Oct. 24, 2012 - Issue #888: Winter Guide 2012
Directed by Ed Roy
Catalyst Theatre, $15 – $25
Agokwe (pronounced a-go-kway) is the Ojibwe word meaning two-spirited, or, in a quite literal translation, "within the man there is a woman." Agokwe the play, based on the life of its creator/performer, Waawaate Fobister, follows such a person growing up on the reserve, young and feeling those first sparkling pangs of love with a boy despite the homophobic bent of the wider culture at hand, channeling that young love and hearbreak through a rarely explored cultural prism.
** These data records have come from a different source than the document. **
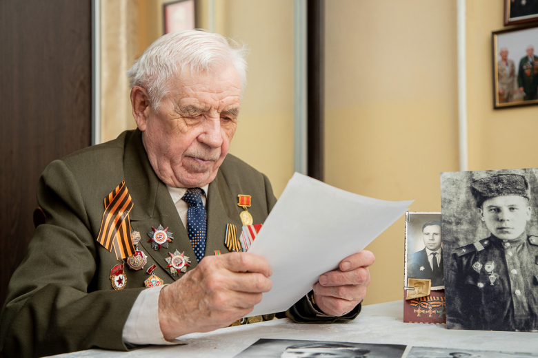 «Во время эвакуации я жил в Ленинградской области, работал в колхозе. В октябре 1943 года мне пришла повестка в армию. Направили в запасную бригаду, но пробыли мы там недолго. Стрелять, бросать гранату научились на фронте», – рассказывает ветеран.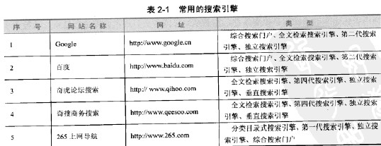常用的搜索引擎:如表2-1所示。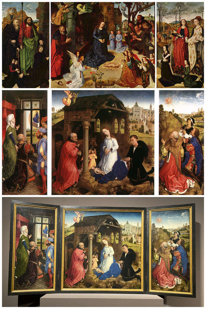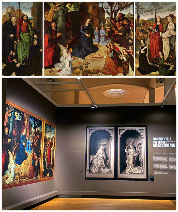 上图*:“波尔蒂纳里祭坛画”,雨果•凡•德•古斯,约1476/77-1480,乌菲齐美术馆;中图:“米德尔堡祭坛画”(Middelburger Altar / Bladelin-Altar),罗希尔·范德魏登(Rogier van der Weyden,约1399/1400-1464),约1450,柏林画廊藏品;下图:柏林展览现场实拍图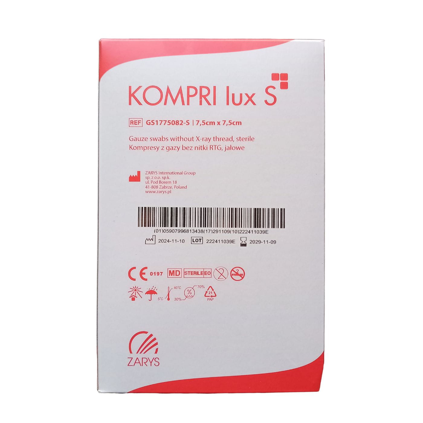 KOMPRI lux S – Jałowe Kompresy Gazowe Bez Nitki RTG, 7,5×7,5 cm, 17N, 8W. Bezpieczne, higieniczne, skuteczne w opatrywaniu ran i zabiegach kosmetycznych. Kup teraz!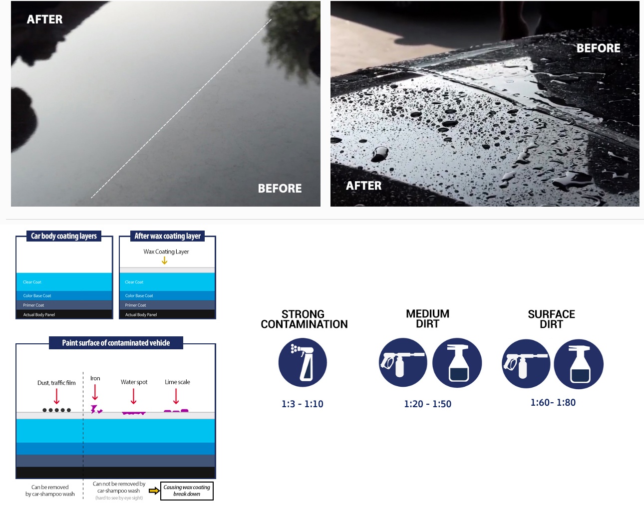 Cząsteczki wapienia, które osadzają się na karoserii w wyniku niedokładnego suszenia, letnich burz lub kwaśnych deszczy, drastycznie zmniejszają efekt perlenia. Wszystko dlatego, że ta niewielka ilość zanieczyszczeń mineralnych może być czasami niewidoczna, ale jest główną przyczyną utraty połysku, ponieważ z czasem nawarstwia się i sprawia, że ​​samochód wygląda na matowy. Efekt ten jest szczególnie widoczny na czarnych samochodach.
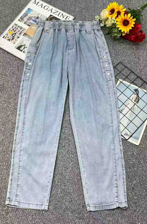 春夏季新款网红复古薄款松紧腰哈伦牛仔老爹裤,独立包装带腰卡,码数S- 4XL码,180件,全清11.8元超低价秒杀!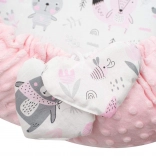 W zestawie poduszeczka w kształcie serca i delikatna kołderka. Minky z wypustkami wspiera sensomotorykę i zapewnia dodatkowy komfort.
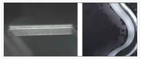 圖四:超快激光切割細(xì)304 不銹鋼管。圖左為管子方形槽全貌,圖右為管子對面內(nèi)壁。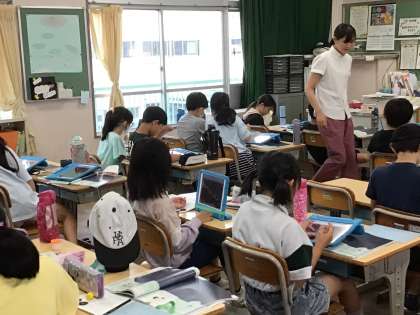 7/12 4年生 理科 公開日 2024/07/12 更新日 2024/07/12 各学年から 4年生理科では、星や星座の学習をしています。今日は、学習用タブレットを使って、星の動きを見たり、夏の大三角を見つけたりしました。

"It started off with Waawaate having a couple of monologues that he began with," explains director Ed Roy, on speakerphone alongside Fobister from Toronto. "He had a couple of characters he was interested in exploring, and he knew he wanted to explore an aspect of his own life. So, in working together, I helped draw out the other characters that were lying in wait to help tell the story."
Though it's nestled in a cultural framework, the heart of its story has proven very capable of resonating beyond those cultural borders. The show first debuted back in 2008 to mass acclaim, eventually taking six Dora awards in Toronto in 2009. It's coming through Edmonton courtesy of Workshop West, on a tour spanning from Toronto to Whitehorse.
Fobister points out that he isn't the only aboriginal artist focusing around the idea of being two-spirited in his art: Kent Monkman, whose explorations inspired Fobister's own, as well as other poets and playwrights. They're trying to keep that cultural idea alive, while reviving a greater interest in the traditional side of where they came from.
"A lot of the culture has disappeared or is disappearing, so it was important for me to go back into it and try to revive it," Fobister explains. "That's what I do a lot of as an artist, an aboriginal artist, is to go back to the language and go back to the culture and work from there.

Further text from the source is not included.